Hi folks,
The next LLVM GPU News, a bi-weekly newsletter on all the GPU things under the LLVM umbrella, is out: Issue #41 | LLVM GPU News.
This time I also pasted the content below, at a community request (thanks @Artem-B!).
This issue covers the period from August 20 to September 9, 2022.
LLVM GPU News: Issue #41
Authors: Jakub Kuderski, Lei Zhang, Joseph Huber
Welcome to LLVM GPU News, a bi-weekly newsletter on all the GPU things under the LLVM umbrella.
This issue covers the period from August 20 to September 9, 2022.
We welcome your feedback and suggestions. Let us know if we missed anything interesting, or want us to bring attention to your (sub)project, revisions under review, or proposals. Please see the bottom of the page for details on how to submit suggestions and contribute.
Industry News and Community Events
-
Lei Zhang posted a blog post about the MLIR Vector Dialect and Patterns.
-
The Khronos group released the Mesh Shading extension for Vulkan (
VK_EXT_mesh_shader).
LLVM and Clang
Discussions
Commits
-
HLSL/DirectX-related changes:
-
Global constructors will be emitted inside the generated entry function.
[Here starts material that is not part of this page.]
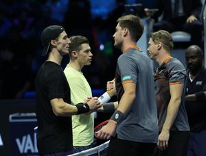 (251117) -- TURIN, 17 noviembre, 2025 (Xinhua) -- Imagen del 16 de noviembre de 2025 de Harri Heliovaara (d)/Henry Patten (2-d) y Joe Salisbury (i)/Neal Skupski (2-i) reaccionando después del partido final de dobles masculinos entre Harri Heliovaara, de Finlandia, y Henry Patten, de Reino Unido, y Joe Salisbury/Neal Skupski, de Reino Unido, en el torneo de tenis ATP Finals, en Turín, Italia. (Xinhua/Li Jing) (oa) (ah) (vf)
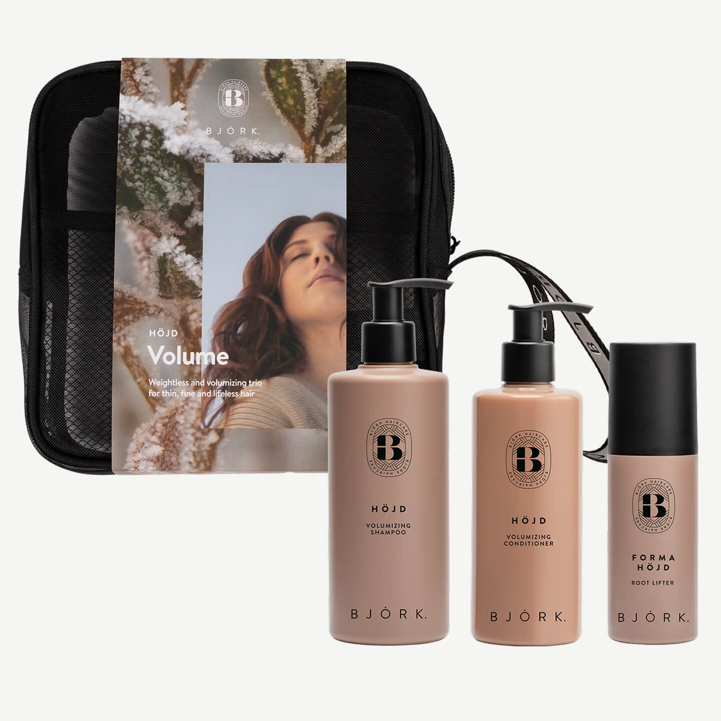 Tre volymfavoriter i en och samma förpackning. Prova Björks lätta och volymgivande trio för tunt, fint och livlöst hår, förpackat i en stilren necessär av återvunnet material. Håret får en boost, naturlig glans och näring från rot till topp. Upplev svensk hårvård som gör skillnad, på riktigt.

D123977, D132672
-
Allow LLVM optimization passes to optimize resource accesses. D131268
-
Added initial codegen for
SV_GroupIndex. D131203 -
Restricted HLSL to currently supported targets only (
dxil-*-shadermodel*). D132056 -
Added support for SPIR-V builtin functions, types, and
ExtInstselection. D123024, D132648 -
Large number of changes improving AMDGPU GFX11 support.
MLIR
Discussions
-
Diego Caballero posted an RFC on ‘Vector Masking Representation in MLIR’. The proposal includes a new op,
vector.mask, and two new interfaces:MaskableOpandMaskingOp. -
gxiaotian asked about an
gpu.all_reduceoperation among threads in a subgroup, as opposed to a work group. There are no replies at the time of writing.
Commits
-
For AMDGPU, defined
mfmaoperation. D132956 -
For AMDGPU, fixed signed/unsigned comparison for
abid/cbszcomparison. D133061 -
For NVGPU, added Support for
cp_async_zfillvia inline assembly. D132269 -
For SPIR-V, added definitions for non-uniform group ops and supported lowering
gpu.shuffleto them. D133041, D133054 -
For SPIR-V, added patterns and utility functions to help lower ops and map memory space to OpenCL. D132424, D132428
-
Introduced more folders for SPIR-V ops and handled more corner cases for lowering vector ops to SPIR-V ops. D133167, D133168, D133183
-
For
arith, added initial patterns to emulate wide integer operations with narrower integers supported by the target. D133135, D133136, DD133137
OpenMP (Target Offloading)
Discussions
-
Discussions on whether or not
libomptargetshould guarantee backwards compatibility. D133277 -
Discussed improving OpenMP device reductions, which should yield 2x-10x performance once complete.
Commits
-
OpenMP 5.2 semantics for absent mapping items was implemented, causing unmapped pointers to behave like device pointers. D133447
-
Fixed a bug causing
-fsyntax-onlycrashing with the new driver. D133161 -
Fixed a bug causing the
omp_get_wtimefunction to be optimized out. D133360 -
Fixed a bug preventing users from compiling with
assertin the device. D133594 -
Added the ability to extract offloading images from other file types. D132607
External Compilers
LLPC
- Made multiple changes advancing support for mesh shaders.